Here is an example of the latter category:
(Image: Reuters/Pilar Olivares, 'Years after slaughter, Peru opens giant burial pit')
A woman cries, her face strained with emotion, as she watches the forensics team investigate the grave site where, presumably, the bones of one or more of her relatives may be found. This images covers several recurring themes, I think. On the one hand it shows the apparently universal reach of human feeling; love, grief, loss, anguish. On the other hand, it contains many of the 'exotic' features that often come to the fore in the representation of highland Peru: women in indigenous dress (the man and boy visible are not wearing traditional clothes), somewhat inscrutable expressions, glimpses of stunning landscape in the background. The people are displayed as rather passive figures, looking on as others labour at the burial site. This is, in fact, the reverse of what happened during the original massacre, when the local villagers were forced to dig their own grave before being killed.
In harsh contrast to the photographs of the living are those that focus on the dead:
(Image: Copyright IPS, courtesy of Asociacion Paz y Esperanza, RIGHTS-PERU: Unburying the Evidence of Biggest 'Dirty War' Massacre)

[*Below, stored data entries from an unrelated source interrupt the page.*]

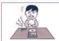
(3) 活動中、食べた弁当でボランティア自身が食中毒になった。

② 賠償事故 ボランティアがボランティア活動中の偶然な事故により他人にケガをさせたり、他人の物を壊したことにより法律上の損害賠償責任を負った場合に保険金をお支払いします。
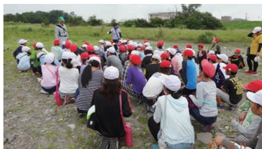
7/11 氏家小5年生の除草作業 (カワラノギク保全地)
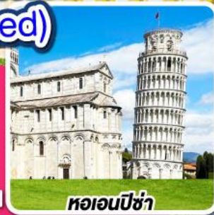
หอนอนปิซ่า
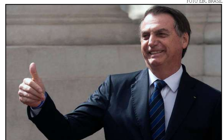
As emendas parlamentares são voltadas para a área da saúde
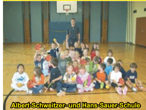
Albert-Schweitzer- und Hans-Sauer-Schule
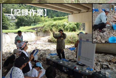
お魚図かんでとれたお魚を確認
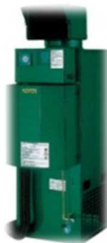
二酸化炭素施用装置*4

I was startled by the explicit nature of these images at first. Although we seem to find the display of bones less distasteful than that of recently dead bodies - I'm not certain why - these are still images of actual human beings. They are not laid out on a slab in a mortuary either; they are jumbled, thrown, in a muddy pit. Pieces of clothing are still intact and form the only splashes of colour on the image. The chaos, the lack of respect for the dead, the pitiful end that came to men, women and children in Putis in 1984 are all here in this image. But still, the close-up on the human remains is discomfiting.
Finally, the same article also uses this image:
(Image credits as above)
Both elements - the observing relatives and the bones - are combined in this image, which to me is the most aesthetically satisfying. The indigenous villagers are not passively sitting by, but actively witnessing the exhumations process. Several of them are pointing into the burial ground, perhaps having recognised an item or clothing or equipment that has survived the 24 years underground. Painful though the experience must be, they may finally gain some answers as to the fate of their loved ones. The camera does not seek out the skeletons alone, but reveals the investigations taking place.
The IPS article quotes the head of the Asociacion Paz y Esperanza as saying:
The excavation is a very special case, because of the humanitarian aspect: no one listened to the locals, who are mainly (indigenous) Quechua speakers.May these wrongs somehow, belatedly, start to be righted.